Task details: Set out exactly, line by line, the stretch of data below that begins at the line containing "所有看诊记录与处方费用核对完毕后,点击页面右下角的 √ 完成接诊 按钮。" and ends at the line containing "Την επίπλωση επιμελήθηκε", with both ends kept.

Exercise data:
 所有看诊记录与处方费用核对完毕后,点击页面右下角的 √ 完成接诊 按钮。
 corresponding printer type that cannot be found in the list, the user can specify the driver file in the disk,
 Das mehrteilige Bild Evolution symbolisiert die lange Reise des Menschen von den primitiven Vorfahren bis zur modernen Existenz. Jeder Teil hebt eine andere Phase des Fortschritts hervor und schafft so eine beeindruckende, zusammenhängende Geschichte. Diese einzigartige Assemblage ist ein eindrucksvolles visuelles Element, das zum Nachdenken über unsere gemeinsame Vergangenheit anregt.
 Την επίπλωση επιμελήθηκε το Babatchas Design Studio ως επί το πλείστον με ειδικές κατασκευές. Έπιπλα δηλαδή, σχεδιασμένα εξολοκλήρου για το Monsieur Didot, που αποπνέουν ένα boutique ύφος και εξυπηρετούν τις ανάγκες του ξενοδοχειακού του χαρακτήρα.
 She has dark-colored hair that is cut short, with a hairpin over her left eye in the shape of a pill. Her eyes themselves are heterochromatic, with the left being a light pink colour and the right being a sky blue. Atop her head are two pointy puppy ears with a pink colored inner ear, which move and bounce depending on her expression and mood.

--

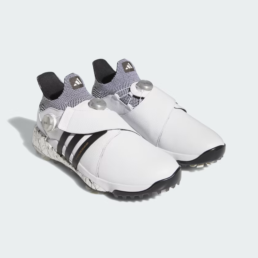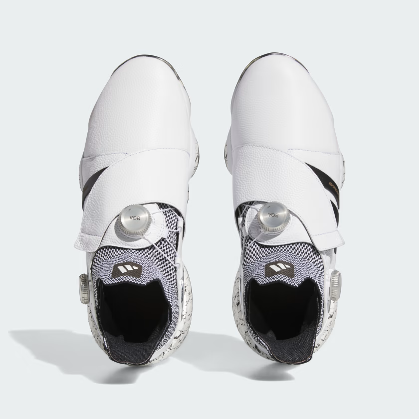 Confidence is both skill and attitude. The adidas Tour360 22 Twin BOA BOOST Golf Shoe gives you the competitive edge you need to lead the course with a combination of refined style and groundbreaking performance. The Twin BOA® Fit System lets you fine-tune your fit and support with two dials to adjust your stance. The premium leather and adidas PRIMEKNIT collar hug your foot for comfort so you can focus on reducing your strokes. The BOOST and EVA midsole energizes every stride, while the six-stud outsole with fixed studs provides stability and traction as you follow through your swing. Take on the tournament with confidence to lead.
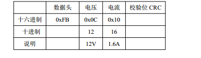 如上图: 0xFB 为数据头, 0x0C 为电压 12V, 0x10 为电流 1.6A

Task result:
 所有看诊记录与处方费用核对完毕后,点击页面右下角的 √ 完成接诊 按钮。
 corresponding printer type that cannot be found in the list, the user can specify the driver file in the disk,
 Das mehrteilige Bild Evolution symbolisiert die lange Reise des Menschen von den primitiven Vorfahren bis zur modernen Existenz. Jeder Teil hebt eine andere Phase des Fortschritts hervor und schafft so eine beeindruckende, zusammenhängende Geschichte. Diese einzigartige Assemblage ist ein eindrucksvolles visuelles Element, das zum Nachdenken über unsere gemeinsame Vergangenheit anregt.
 Την επίπλωση επιμελήθηκε το Babatchas Design Studio ως επί το πλείστον με ειδικές κατασκευές. Έπιπλα δηλαδή, σχεδιασμένα εξολοκλήρου για το Monsieur Didot, που αποπνέουν ένα boutique ύφος και εξυπηρετούν τις ανάγκες του ξενοδοχειακού του χαρακτήρα.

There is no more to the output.